A geometric series has t1 = 3 and r = 2. If tn = 96. What does n equal in this problem?
What is the special name given to the terms between 3 and 96 in this problem?
You are given that a = 3 and r = 2
so
tn = ar^(n-1)
96 = 3(2^(n-1)
32 = 2^(n-1)
2^5 = 2^(n-1)
n-1 = 5
n = 6
3, 6, 12, 24, 48, 96
terms in between are called geometric means
Thanks!
To find the value of n, we can use the formula for the nth term of a geometric series:
tn = t1 * r^(n-1)
Given that t1 = 3, r = 2, and tn = 96, we can substitute these values into the formula:
96 = 3 * 2^(n-1)
Dividing both sides of the equation by 3, we get:
32 = 2^(n-1)
To simplify the equation, we can rewrite 32 as 2^5:
2^5 = 2^(n-1)
Since the bases are the same, we can equate the exponents:
5 = n - 1
Adding 1 to both sides of the equation, we find:
n = 6
Therefore, n equals 6.
The special name given to the terms between 3 and 96 in this problem is the common ratio. In this case, the common ratio is 2.
To find the value of n in this geometric series problem, we first need to understand the formula for the nth term of a geometric series. The formula is given by:
tn = t1 * r^(n-1)
In this case, we are given t1 = 3 and r = 2, and we are trying to find n when tn = 96.

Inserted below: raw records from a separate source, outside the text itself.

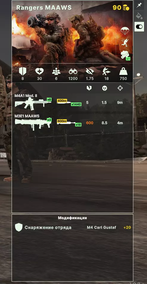 这种单位与未激活武器的组合非常适合潜入敌后,为己方行军纵队提供持续视野,并牵制敌方的炮兵和防空单位。 最好携带反器材武器,因为它能击穿轻型载具(即补给车、防空单位、炮兵),并且可以独立消灭敌方单位后迅速撤离阵地。理想的解决方案是游骑兵狙击手,他们配备有反坦克武器和反物质步枪。 当然,狙击手也可以直接在前线而非仅在后方进行进一步侦察,但这取决于个人决定。 2. 重型侦察——特种部队及其他。
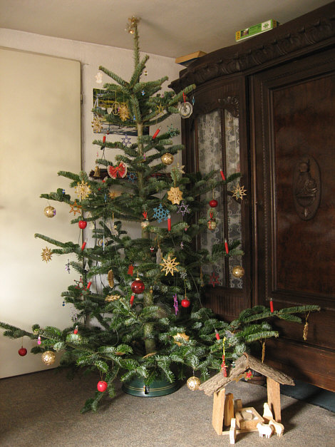 Von dem Uralt-Schmuck mal abgesehen, hängt dort größtenteils nur Zeug, das die Familie im Lauf der Jahrzehnte selbst gebastelt hat. Die Krippe hat Opi nach einer Vorlage selbst ausgesägt. |
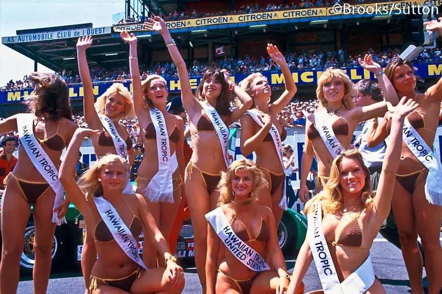 1983年,Hawaiian Tropic公司从美国空运来参加法国勒芒24小时耐力赛开幕式的比基尼女郎
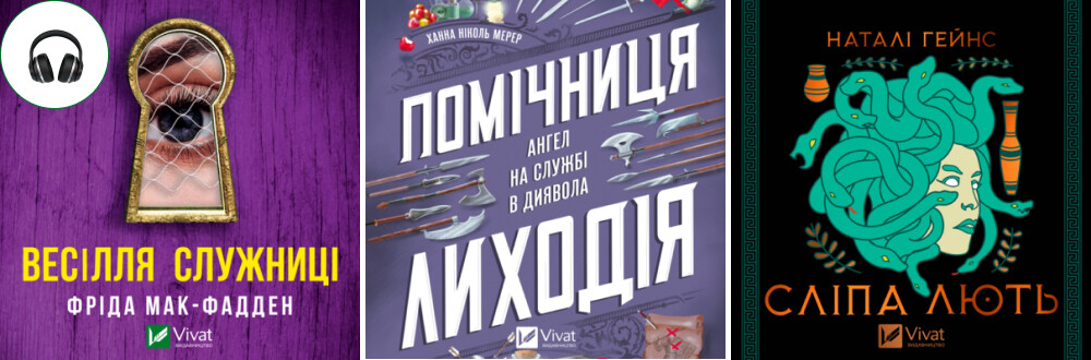 - За найатмосфернішу, на думку пані Олесі, озвучку потрібно згадати збірку коротких історії «Весілля служниці». «Ми залучили трьох дикторок, Вероніку Дорош, Надію Хільську та Вікторію Тишкевич, і кожна привнесла щось своє у короткі історії Фріди Мак-Фадден», — прокоментувала менеджерка Vivat з електронного контенту.

Plugging these values into the formula, we get:
96 = 3 * 2^(n-1)
To solve for n, we need to isolate it on one side of the equation. Let's divide both sides of the equation by 3:
96/3 = 2^(n-1)
32 = 2^(n-1)
Now, we need to solve for the exponent (n-1). Since 2^5 = 32, we can rewrite the equation as:
2^(n-1) = 2^5
By comparing the exponents, we can conclude that:
n - 1 = 5
Adding 1 to both sides of the equation, we find:
n = 6
Therefore, the value of n in this problem is 6.
Now, to answer the second part of your question, the terms between 3 and 96 in this problem are called "intermediate terms" or "interior terms" of the geometric series. These terms lie between the first term (t1 = 3) and the last term (tn = 96) in the series.